The present invention relates to a device for locking a tubing hanger to a tubing spool or the like in a subsea completion system. More particularly, the invention relates to such a device which is operable independently of both the tubing hanger and the tubing hanger running tool.
A typical prior art completion system for subsea oil and gas wells comprises a subsea wellhead which is installed at the upper end of a well bore, a production member which is connected to the top of the wellhead, and a tubing hanger which is landed in the production member and which supports a production tubing string that extends through the well bore and into the well. During installation and workover operations, the subsea completion system is often connected to a surface vessel through a low pressure riser which in turn is connected to a subsea blowout preventor (“BOP”) that is secured to the top of the production member.
The tubing hanger is normally installed in the production member using a tubing hanger running tool (“THRT”). In addition, once the tubing hanger is landed in the production member, a lockdown mechanism is usually actuated to secure the tubing hanger to the production member. A typical lockdown mechanism includes a lock ring which is supported on the tubing hanger and is expandable into locking engagement with a corresponding groove that is formed in the production member. Furthermore, once the tubing hanger is secured to the production member, a release mechanism on the THRT is actuated to release the tubing hanger from the THRT.
Thus, prior art THRT's must usually include a lockdown tool for actuating the lockdown mechanism on the tubing hanger and a release tool for actuating the release mechanism on the THRT. Moreover, these tools are often operated by hydraulic pressure which is supplied to the THRT through a hydraulic umbilical that is connected to the surface vessel.
When employing such a hydraulically operated THRT, however, safety and contingency concerns often require that a subsea test tree (“SSTT”) and a shear joint also be used. In this arrangement, the SSTT is connected to the top of the THRT, the shear joint is connected to the top of the SSTT, and the entire assembly is lowered on a running string through the low pressure riser and the BOP. In addition, the hydraulic umbilical for the THRT is run along side the running string and then routed to the THRT through the shear joint and the SSTT.
The SSTT and the shear joint allow for a controlled shut-in of the well in the event of a blowout or other emergency. When such an event occurs, the valves in the SSTT are closed, the lower BOP pipe rams are sealed around the SSTT and, if necessary, the upper BOP shear rams are actuated to sever the shear joint and thereby separate the running string from the SSTT. After the well has been brought back under control, the lower portion of the severed shear joint can be retrieved and a replacement shear joint then re-connected to the SSTT.
Thus, the SSTT and the shear joint allow for hydraulic control of the THRT to be easily re-established. Once the replacement shear joint is connected to the SSTT, the hydraulic umbilical is again connected with the THRT. Without the SSTT and the shear joint, the BOP shear rams would sever the hydraulic umbilical and control of the THRT would be lost. Depending on the status of the tubing hanger lockdown and release mechanisms when control is lost, this can be a very costly and time consuming problem to fix.

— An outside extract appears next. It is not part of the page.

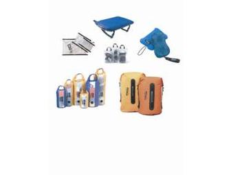 Whether you are packing up your car, canoe, kayak or raft- SealLine will keep your gear protected. This package will get you everything you could need to pack up all your gear for a weekend getaway. This package includes: 1 35-L Tie Down Bag, 1 Map Case, 1 Dry Case, 1 25 L Kodiak Window Dry Bag, 2 Canoe Seats, and 1 Deluxe Bailing Sponge. Details on these items: -One (1) orange 35 Liter TieDown Bag with multiple tie-down points and a stackable, easy-to-carry design make this bag perfect for rafting, canoeing, or lashing to the top of a vehicle. It features a watertight Dry SealTM roll-down closure, side cinch straps, and heavy-duty scrim-reinforced vinyl construction. Weight: 1 lb. 10 oz./740 g Volume: 2270 cu. in./37 liters Size: 10 x 14.5 x 20 in./25 x 37 x 51 cm -One Map Case (1) in a size Large. SealLine's Standard Map Cases have a watertight, wide-track zip closure and are sure to fend off rain and waves. D-rings for easy attachment to kayak, canoe, handlebars or backpack. Weight: 7 oz./225 g Inside Dimensions: 14 x 20.5 in./38 x 52 cm Outside Dimensions: 16 x 22 in./41 x 56.5 cm - One (1) 6 Liter Dry Case in a size large. Keep your essential gear safe and dry inside this watertight Dry Case, which is transparent so you can see what's inside. It closes with a submersible SealLock closure, and has a convenient webbing carry handle. Fits books, cameras, binoculars, first aid kits, or anything else you don't want to get wet. Weight: 2.8 oz./79 g Outside Dimensions: 12 x 15 in./30 x 38 cm Inside Dimensions: 11 x 11.75 in./28 x 30 cm - One (1) 25 Liter Kodiak Window Dry Bag in yellow. Kodiak Window Dry Bags feature a translucent TPU window that lets you see into the bag without sacrificing privacy, as well as a new hands-free, one-way purge valve that offers increased compressibility and is flexible and flush to prevent snagging. They also boast an improved roll-down closure for a watertight seal, and a heavy-duty round bottom that lasts long, maximizes storage capacity, and stands upright to make packing easier than ever. These bags are made of tough, lightweight nylon and are available in seven sizes to fit every dry storage need. Weight: 8 oz./230 g Volume: 1530 cu. in./25 liters Size: 9 x 26 in./23 x 66 cm - Two (2) Canoe Seats. Attach this self-inflating cushion to your canoe seat to paddle longer and more comfortably. The cover has a stretch-knit top and coated nylon bottom with sewn-on buckled straps for attaching quickly to most canoe seats. - One (1) Deluxe Bailing Sponge. Made with super absorbent foam and water-hogging Packtowl® fabric, these bailing sponges have an easy to grab shape. Snap loop is great for hanging to dry or securing to your boat. For more information, go to www.seallinegear.com

Wile adequate for many applications, prior art hydraulically operated THRT's have several disadvantages which have become more problematic as subsea wells are drilled in deeper and deeper waters. First, hydraulic umbilicals are subject to collapse due the extreme hydrostatic pressures experienced at great depths. This can result in a temporary or permanent loss of control of the THRT or, in the worst case, a premature release and consequent dropping of the tubing hanger and the production tubing into the well.
Second, some operators prefer to use a surface BOP and a smaller diameter high pressure riser to connect the surface vessel to the production member in deep water. In this arrangement, the hydraulic umbilical for the THRT is routed through a “slick joint” in the running string which is positioned in the surface BOP. However, this requires that the umbilical be cut to a precise length in order to properly “space out” the slick joint, and this can be a difficult and expensive undertaking.
Third, as wells are drilled in progressively deeper waters, the use of “slimbore” completion systems is becoming increasingly popular. These systems comprise production members which have relatively small drift diameters. Consequently, the tubing hangers and THRT's for such systems must have correspondingly small diameters. However, when the tubing hanger lockdown mechanism is supported on the tubing hanger and the lockdown tool is incorporated in the THRT, minimizing the diameter of these components can be a challenge.